◆ ASSIGNMENT ◆
The task calls for the line containing "Teureres Parken in" and all later lines, through the end of the entries below, to be set down exactly and without pictures.

◆ RECORDED DATA ◆
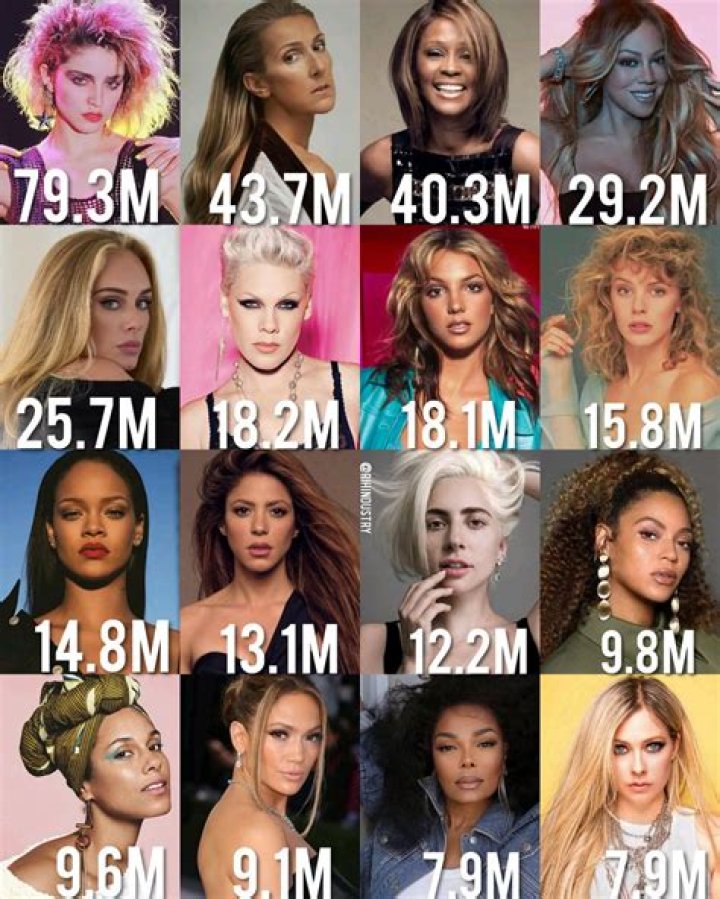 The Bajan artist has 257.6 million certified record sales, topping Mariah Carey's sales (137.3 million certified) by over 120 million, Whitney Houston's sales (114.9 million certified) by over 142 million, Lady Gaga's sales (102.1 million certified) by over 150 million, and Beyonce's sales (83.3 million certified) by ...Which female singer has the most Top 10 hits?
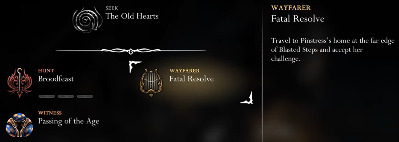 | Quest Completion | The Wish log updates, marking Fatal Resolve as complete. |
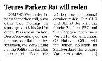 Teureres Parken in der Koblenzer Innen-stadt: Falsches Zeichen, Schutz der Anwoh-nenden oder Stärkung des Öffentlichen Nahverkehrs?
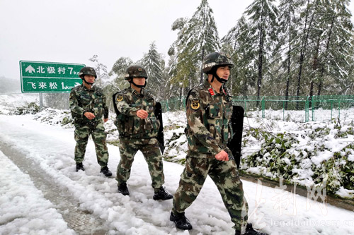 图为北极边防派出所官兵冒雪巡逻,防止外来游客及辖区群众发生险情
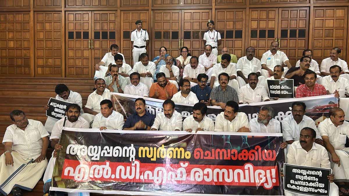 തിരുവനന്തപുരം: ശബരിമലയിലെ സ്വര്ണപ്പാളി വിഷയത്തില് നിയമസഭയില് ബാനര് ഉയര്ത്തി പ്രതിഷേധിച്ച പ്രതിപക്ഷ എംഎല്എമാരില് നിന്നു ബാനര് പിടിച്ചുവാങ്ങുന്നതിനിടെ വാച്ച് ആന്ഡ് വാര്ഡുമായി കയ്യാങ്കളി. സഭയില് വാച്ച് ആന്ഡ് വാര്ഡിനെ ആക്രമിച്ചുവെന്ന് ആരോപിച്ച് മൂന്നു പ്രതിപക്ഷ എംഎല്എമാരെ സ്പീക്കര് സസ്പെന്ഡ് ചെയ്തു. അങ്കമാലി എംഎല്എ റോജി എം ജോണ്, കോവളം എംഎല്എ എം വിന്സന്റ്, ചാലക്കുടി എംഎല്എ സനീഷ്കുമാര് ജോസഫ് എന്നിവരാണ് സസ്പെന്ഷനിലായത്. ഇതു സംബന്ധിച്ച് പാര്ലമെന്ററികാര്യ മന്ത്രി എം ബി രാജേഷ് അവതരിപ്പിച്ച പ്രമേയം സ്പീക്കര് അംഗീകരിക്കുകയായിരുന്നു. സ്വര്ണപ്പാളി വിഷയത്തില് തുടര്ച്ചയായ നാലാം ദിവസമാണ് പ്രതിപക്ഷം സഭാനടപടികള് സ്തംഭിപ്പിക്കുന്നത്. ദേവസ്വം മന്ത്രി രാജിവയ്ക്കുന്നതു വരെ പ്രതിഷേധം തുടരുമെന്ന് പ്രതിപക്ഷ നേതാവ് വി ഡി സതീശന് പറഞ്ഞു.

◆ RESULT FOR THIS EXERCISE ◆
 Teureres Parken in der Koblenzer Innen-stadt: Falsches Zeichen, Schutz der Anwoh-nenden oder Stärkung des Öffentlichen Nahverkehrs?
 图为北极边防派出所官兵冒雪巡逻,防止外来游客及辖区群众发生险情
 തിരുവനന്തപുരം: ശബരിമലയിലെ സ്വര്ണപ്പാളി വിഷയത്തില് നിയമസഭയില് ബാനര് ഉയര്ത്തി പ്രതിഷേധിച്ച പ്രതിപക്ഷ എംഎല്എമാരില് നിന്നു ബാനര് പിടിച്ചുവാങ്ങുന്നതിനിടെ വാച്ച് ആന്ഡ് വാര്ഡുമായി കയ്യാങ്കളി. സഭയില് വാച്ച് ആന്ഡ് വാര്ഡിനെ ആക്രമിച്ചുവെന്ന് ആരോപിച്ച് മൂന്നു പ്രതിപക്ഷ എംഎല്എമാരെ സ്പീക്കര് സസ്പെന്ഡ് ചെയ്തു. അങ്കമാലി എംഎല്എ റോജി എം ജോണ്, കോവളം എംഎല്എ എം വിന്സന്റ്, ചാലക്കുടി എംഎല്എ സനീഷ്കുമാര് ജോസഫ് എന്നിവരാണ് സസ്പെന്ഷനിലായത്. ഇതു സംബന്ധിച്ച് പാര്ലമെന്ററികാര്യ മന്ത്രി എം ബി രാജേഷ് അവതരിപ്പിച്ച പ്രമേയം സ്പീക്കര് അംഗീകരിക്കുകയായിരുന്നു. സ്വര്ണപ്പാളി വിഷയത്തില് തുടര്ച്ചയായ നാലാം ദിവസമാണ് പ്രതിപക്ഷം സഭാനടപടികള് സ്തംഭിപ്പിക്കുന്നത്. ദേവസ്വം മന്ത്രി രാജിവയ്ക്കുന്നതു വരെ പ്രതിഷേധം തുടരുമെന്ന് പ്രതിപക്ഷ നേതാവ് വി ഡി സതീശന് പറഞ്ഞു.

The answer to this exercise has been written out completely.